> [EXERCISE DIRECTIONS] Within the material below, transcribe exactly the lines from the one holding "Table 2 Subgroup" through the one holding "2024Çг⵵ ´ëÀϿܱ¹¾î°íµîÇб³ ±â°£Á¦", keeping both ends and skipping the rest.

> [RECORDS TO USE]
▬▬▬▬▬▬▬▬▬▬

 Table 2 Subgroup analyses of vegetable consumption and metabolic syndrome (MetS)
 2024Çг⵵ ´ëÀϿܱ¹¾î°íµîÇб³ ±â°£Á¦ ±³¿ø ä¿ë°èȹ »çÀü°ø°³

▬▬▬▬▬▬▬▬▬▬

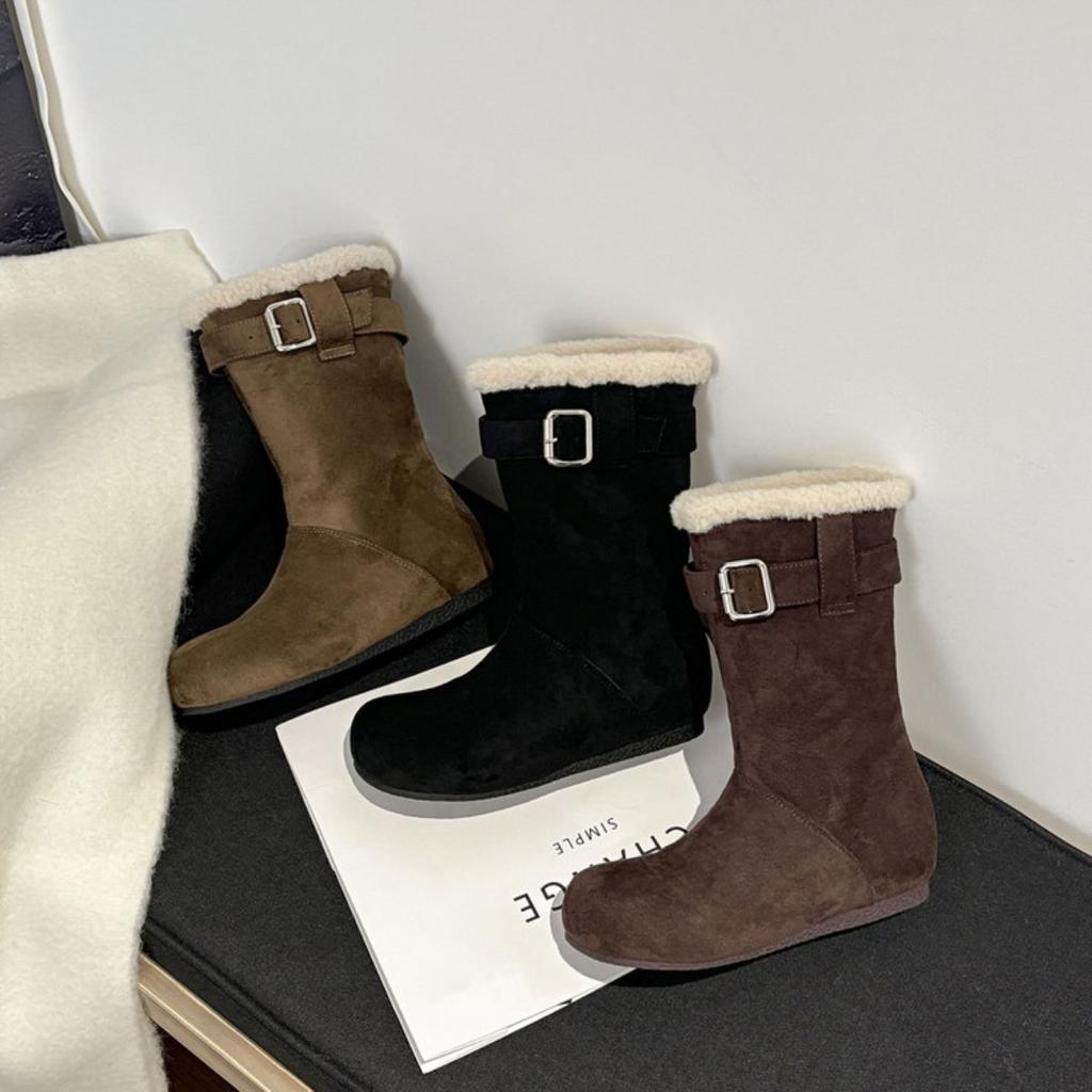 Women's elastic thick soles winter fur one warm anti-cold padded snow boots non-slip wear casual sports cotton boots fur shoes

▬▬▬▬▬▬▬▬▬▬

> [ANSWER]
 Table 2 Subgroup analyses of vegetable consumption and metabolic syndrome (MetS)
 2024Çг⵵ ´ëÀϿܱ¹¾î°íµîÇб³ ±â°£Á¦ ±³¿ø ä¿ë°èȹ »çÀü°ø°³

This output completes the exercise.